Operational conditions cannot be identified if the component elements (demand, incidents, and weather) are analyzed independently. First, the three component elements are not independent in reality. Poor weather suppresses travel demand and is correlated with higher incident rates and patterns. Second, such an independent analysis must eventually be merged together in order to conduct analyses—because analytic methods, particularly simulations, require the representation of a specific day, not a combination of days. The 21^st Century analyst allows the dependencies among attributes of operational conditions to emerge from the data analysis.

Selecting attributes. Individual detector speed and count data, or single incident reports, or weather station temperature readings by themselves in raw form are not suitable as attributes to attach to the peak period unit of observation for cluster analysis. Each peak period should be characterized using a set of normalized attributes (see Traffic Analysis Toolbox Volume III) that describe the nature of the travel demand, incident number, intensity and pattern, and weather conditions.

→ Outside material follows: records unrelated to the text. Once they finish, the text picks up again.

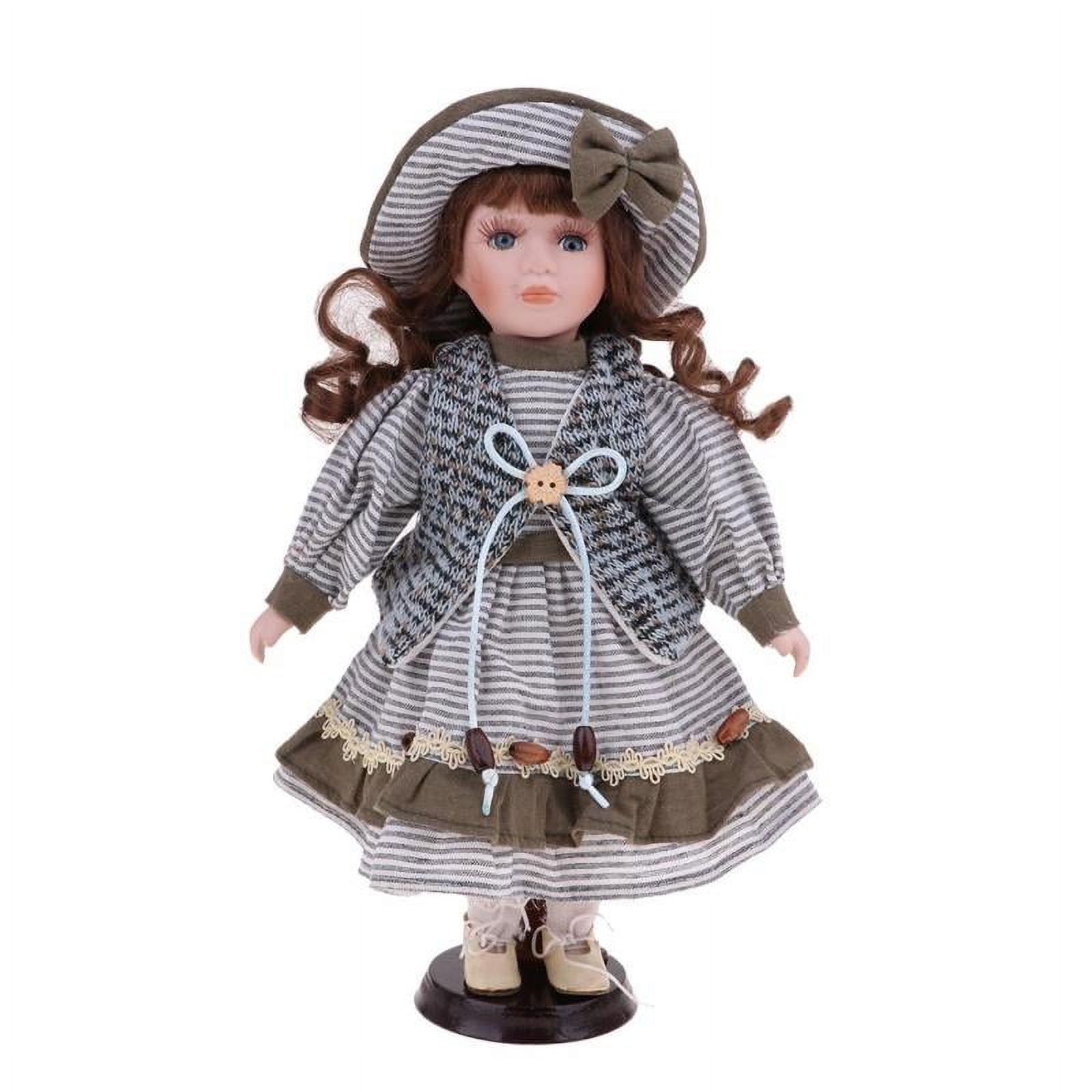 30cm Porcelain Doll Girl Figure with Wood Stand Adult Collections
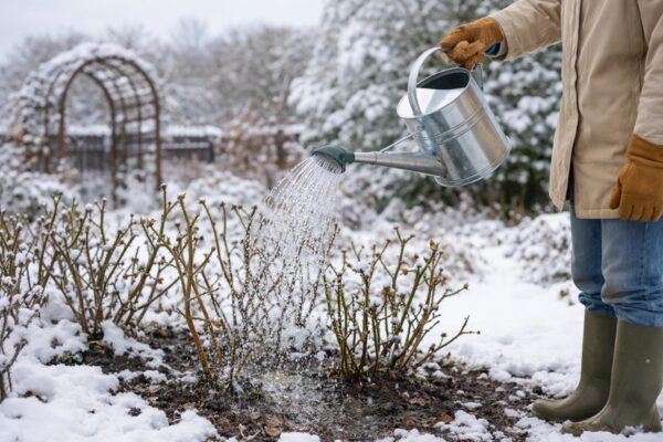 地植えは冬の降雨で足りることも多いですが、雨が少なく乾燥が続く地域や、植え付けたばかりの株では補水が必要になる場合があります。乾燥した晴天が続いたあとに土がかなり乾いているなら、暖かい時間帯を待つよりも、朝のうちに株元へ穏やかに与えるほうが管理しやすいでしょう。
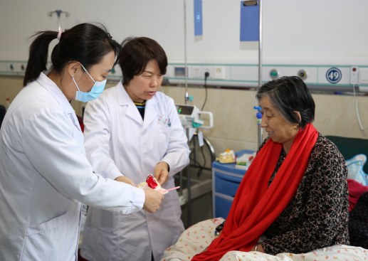随着一声声“重阳节快乐,祝您早日康复!”的话语,满载着医护人员美好祝愿的蛋糕和围巾送到了老年患者手中。他们有的言语不清,有的听力减退,但收到小礼物的老人们脸上都露出了高兴的笑容。

Travel time and bottleneck throughput attributes. Two of the more typical attributes used in the characterization of operational conditions are travel times and bottleneck throughput rates. In each case, we are interested in the dynamics of these measures under congestion—how they rise and fall over time each day or peak period. The attribute of travel time for a route should reflect the travel time considering time of trip start from the origin and each intermediate node in the route, rather than an instantaneous addition of travel time from all links on the route at a specific time. This array of dynamic travel times can be used (when normalized) to characterize the timing and intensity of congestion on a route in the period. Note that several routes will likely be a part of a system characterization. Likewise, the flow rates at recurrent bottleneck locations is a critical determiner of system performance and the dynamics at these locations are critical for both calibration and system characterization. Bottleneck throughput tends to rise to some maximum, decline as the bottleneck becomes congested, then recover. The onset and dissipation times are keys to understanding the total system dynamics, as well as understanding analytical model calibration.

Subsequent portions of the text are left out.